Джек на это лишь жалобно всхлипывает, зажмуриваясь и вспоминая те ночи, когда мужчина его успокаивал и говорил настолько же мягко, и почти всю ночь был рядом, усыплял…


— Ты давно меня так не называл, — хмыкает почти обиженно Фрост, и смущенно очень тихо добавляет, — Ровно и не был… со мной всю ночь.


— Не хотел переступать границу, — легкая теплота слышна в голосе Блэка, и парнишку это моментально успокаивает, — Только когда ты уже почти засыпал, так, чтоб наверняка не вспомнил на утро.


— Зараза! — с тихим смешком всё же не может удержаться и обзывает Джек.


— Хочешь, возобновлю?


— Обязательно. И не смей подгадывать этот момент! Черт…


— А вот это ты мне запретить не можешь, Снежный.


— Питч, твою мать! Ну что же ты… ну почему ты такой?


— Какой?


«Охуенный, уникальный, слишком идеальный для меня и… Мой?» — но Джек не озвучивает свои мысли, которые разрывают его голову почти в буквально смысле. Он снова слишком боится. И вместо всего этого пламенного, лишь горько усмехается, тихо отвечая совершенно другое:


— Самодостаточный и наглый. Как всегда в своем репертуаре, — паренек вытягивает одну ногу на настил и фыркает в неверие того что происходит, однако не может не сказать того, что так давно хотел, даже вопреки своему страху: — Я не хочу тебя потерять. Больше… ну ты, ты знаешь. И ты единственный, кто настолько… Черт… Настолько стал дорог. И я не хочу тебя потерять.


— Не потеряешь. Не допущу.


— Знаю… — Джек осторожно улыбается, едва прикусывая ноющую губу, — Я сильно тебя отвлек? Прости, не смог сдержаться. Не мог уже просто.

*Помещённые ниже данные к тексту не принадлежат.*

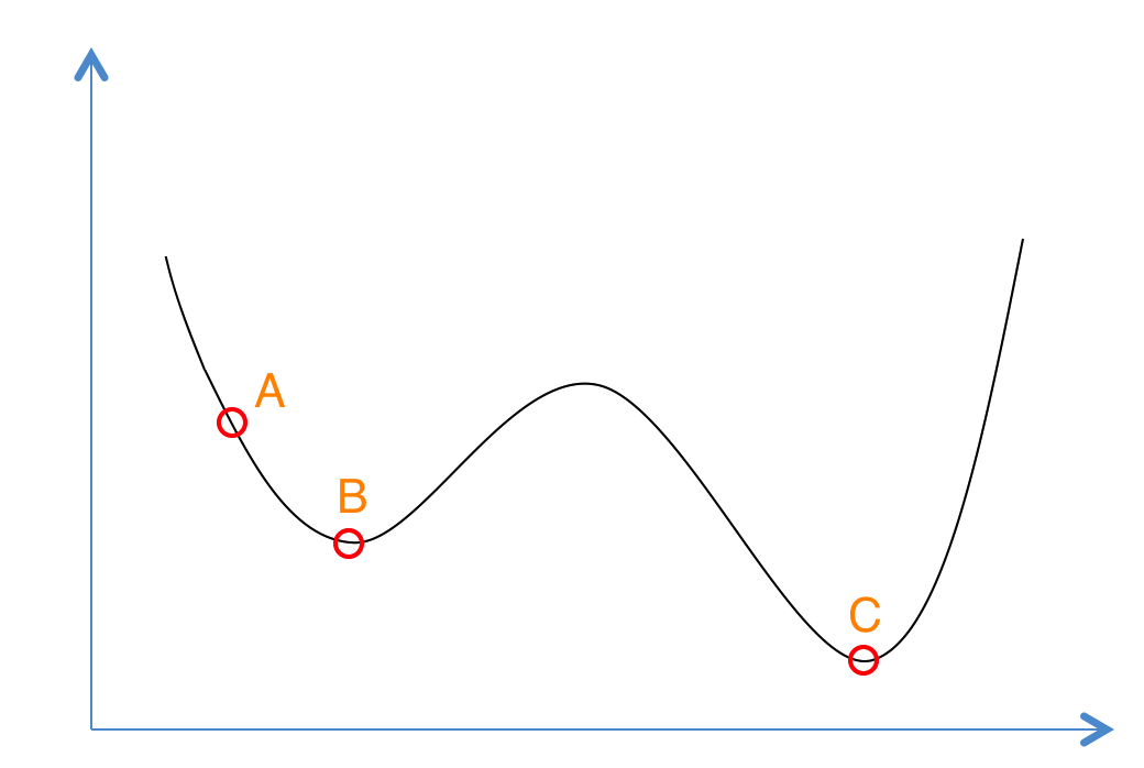 如果你对退火的物理意义还是晕晕的,没关系我们还有更为简单的理解方式。想象一下如果我们现在有下面这样一个函数,现在想求函数的(全局)最优解。如果采用 Greedy 策略,那么从 A 点开始试探,如果函数值继续减少,那么试探过程就会继续。而当到达点B时,显然我们的探求过程就结束了(因为无论朝哪个方向努力,结果只会越来越大)。最终我们只能找打一个局部最后解 B 。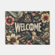 This is a doormat with a black background that has flowers and birds.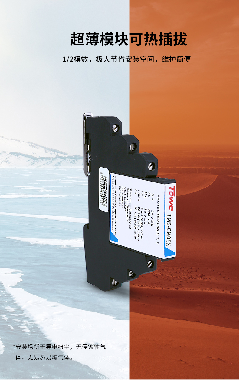 TOWE同为CM系列超薄测控信号系统电涌保护器 适用热电偶 4-20A仪表回路 停车系统和火焰 气体探测器等各种应用 TMS-CM05/TMS-CM12/TMS-CM24/TMS-CM48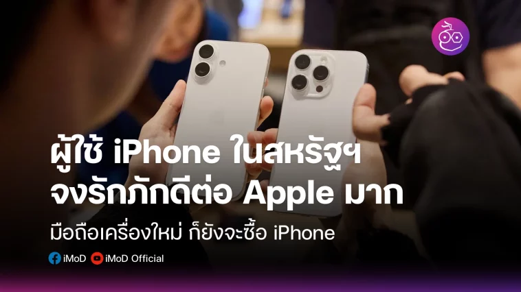 ผู้ใช้ iPhone สหรัฐฯ ยังจงรักภักดีต่อแบรนด์ Apple เหนือกว่าแบรนด์อื่น ๆ แม้ตัวเลขผลสำรวจจะลดลงเล็กน้อย แต่ก็สูงกว่าเกณฑ์มากพอสมควร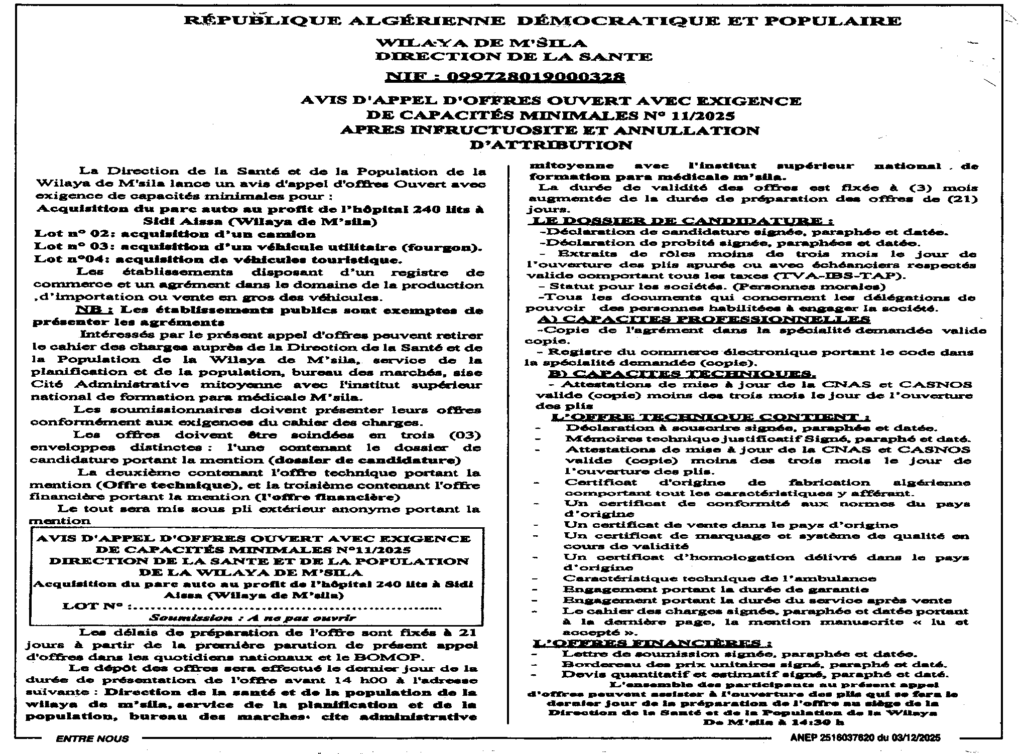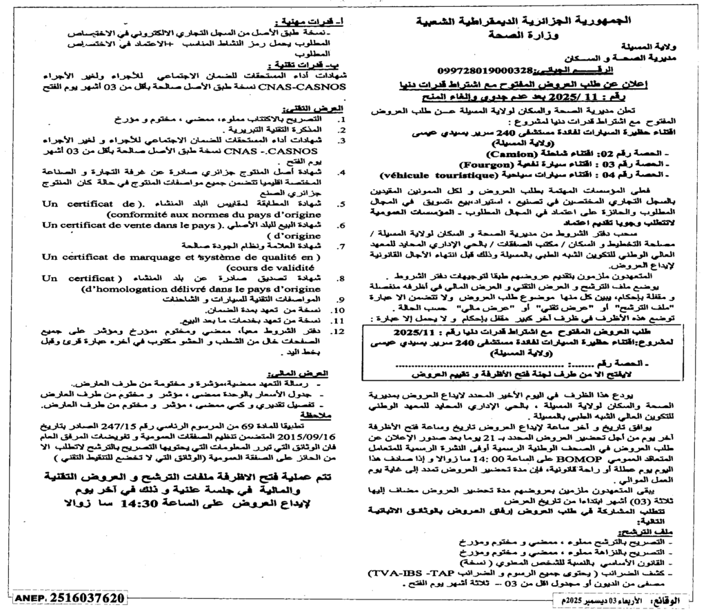 إعلان عن طلب العروض المفتوح 2025/11 بعد عدم جدوى وإلغاء المنح/ مديرية الصحة والسكان لولاية المسيلة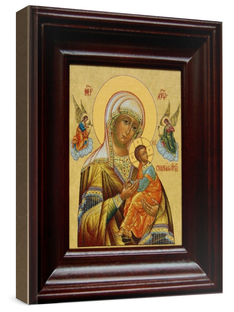 Страстная икона бм (21х24), простой киот. Лик нанесен методом шелкографии на художественном холсте и покрыт специальным лаком, что обеспечивает долгую сохранность яркости красок (гарантия - 20 лет). Полный размер иконы с киотом: 21х24 см. Икона под стеклом. Киот (рамка) изготовлен из березы.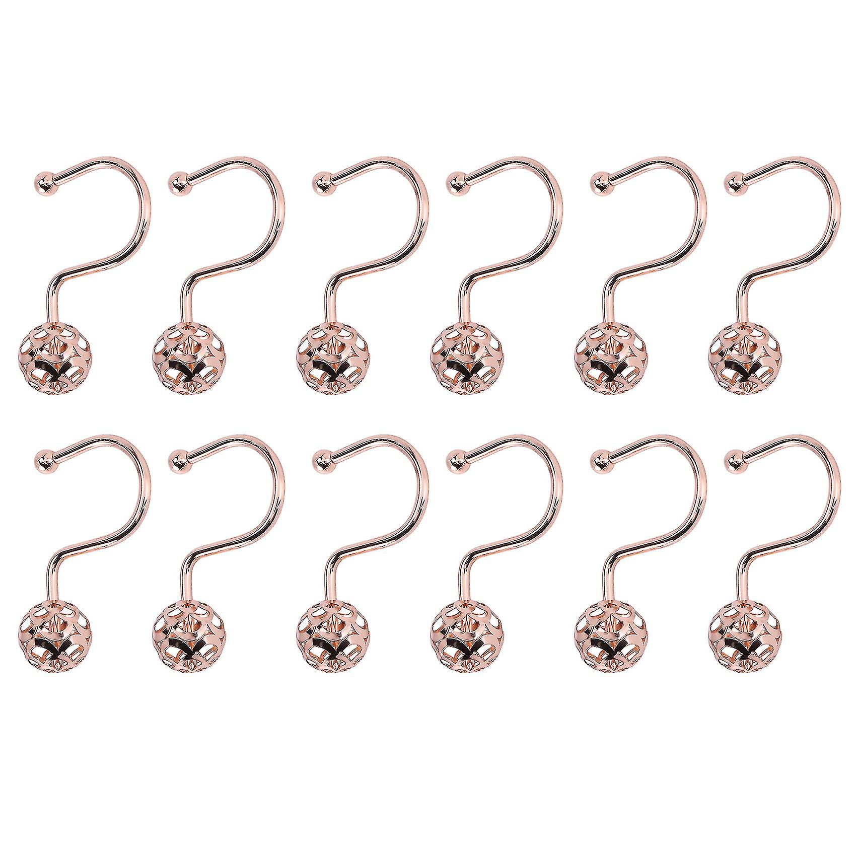 12-piece shower hook set for indoor/outdoor use in family hotels.Unique anti-rust shower curtain hook, easy sliding shower curtain rod and tension rod shower hook, suitable for any room bathroomVery sturdy and smooth polished material, elegant appearance, it can be perfectly matched with any curtains containing golden tones, stylishly with any decorative styleDurable and suitable for standard shower curtain rods, firmly fixed on straight or curved shower curtain rodsThe and cute appearance can decorate your living room, bedroom, stable room, children's room, holiday, holiday house bathroom, etc. It can also be used outdoors and is a great Christmas gift for friends.size:about 74x22cmMaterial:metalcolour: GoldPackage Contents:12 x shower curtain hooksOnly the above package content, other products are not included.Note: Light and different displays may cause the color of the item in the picture a little different from the real thing. The measurement allowed error is +/- 1-3cm.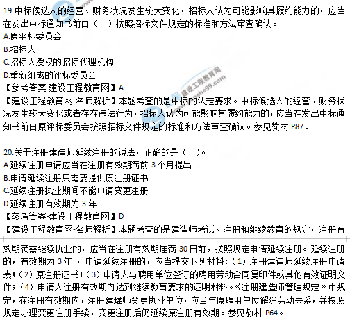 2019年二級(jí)建造師試題及答案解析-《法規(guī)》16-20題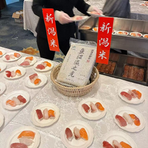 こちらのレセプションでも新潟米プロモーションの一環として、レセプションの料理として提供したお寿司に新潟米を使用していただきました。こちらも参加した方から大変好評をいただいたほか、調理を担当した公邸料理人の方からも中国での仕入先に関するお問い合わせをいただくなど、良い新潟米のPRの機会となりました。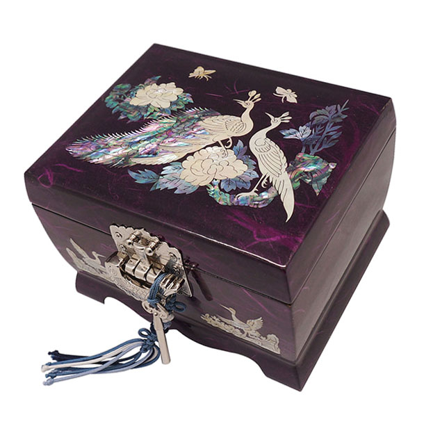 Mother of Pearl Music Jewelry Box Inlaid with Purple Wood Peacock Design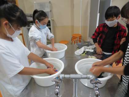 「粉状の洗剤を見たのは初めて!」という子ども達もいました。汚れに合わせてつまみ洗いをしていた子ども達。実習後には,

— Ничего. Всё равно моя там помощь, ровно, как и присутствие, мало играло важную роль. Однако мне интересно, только ради этого ты позвонил настолько импульсивно?


— Представь, — фыркает Джек, однако тут же серьезничает и чувствует, как почему-то щеки начинает теплеть, блядь да неужели он это скажет: — Ну и ещё потому что… пиздец как по тебе соскучился.


— Я долго ждал от тебя этой фразы.


— А она для тебя важна? — ещё один вопрос, как ещё одна ступенька, пусть и прозрачная, но важная в этом шатком построении странных отношений.


— Не представляешь насколько.


— Питч, я… Это… Это не свойственно мне. Это непривычно, это пугает, и я не знаю что мне сейчас…


— Тихо, — перебивает Блэк, — Ничего не нужно говорить специально или думать о том, к чему ты ещё не готов. Снежный, не спеши, не бойся, не думай зря о том, что ещё не знаешь. Я предлагаю лишь общаться, часто, насколько позволяет наша загруженность и время. Всё возможное свободное время. Говорить и обсуждать, узнавать, делится новым и не скрывать то… — Питч замолкает, так и не дав сказать себе это последнее и самое важное для обоих, и Джек слышит почти раздраженный вздох на той стороне.


— Чувствуем? — аккуратно довершает сам парень, едва улыбаясь.


— Именно.


— Боишься произносить это слово, циник? — усмехается теперь Фрост, зная, что для мужчины всё это более непривычно и возможно не комфортно.


— Боюсь, что сорвусь, — звучит слишком серьезно и резко для такой банальной фразы.


— Питч?


— Сорвусь и ебну всю эту глупую детскую прелюдию, потому что прекрасно осознаю насколько глубоко и жестко попал, и какой это тотальный для меня… — усмешка слышна в голосе, но вовсе не злобная, скорее с нежной обреченностью, — Ты мой личный долгожданный пиздец, Снежный.


Джек замирает, задыхается в буквальном смысле от этих слов, от этого тона, от последней фразы, и пытается не выпасть в полный осадок. Хотя, куда ж теперь ниже-то? И, на паскудство, собственные чувства играют злую шутку, взрываясь под ребрами от слов мужчины и едкими болезненными каплями тоски стекают по всем органам.


— А ты походу мой… — хрипло произносит Фрост и отключает вызов, медленно закрывая глаза и пытаясь понять, почему настолько сильно стучит сердце и болит в душе, и почему именно эта боль столь долгожданная и желаемая для него сейчас.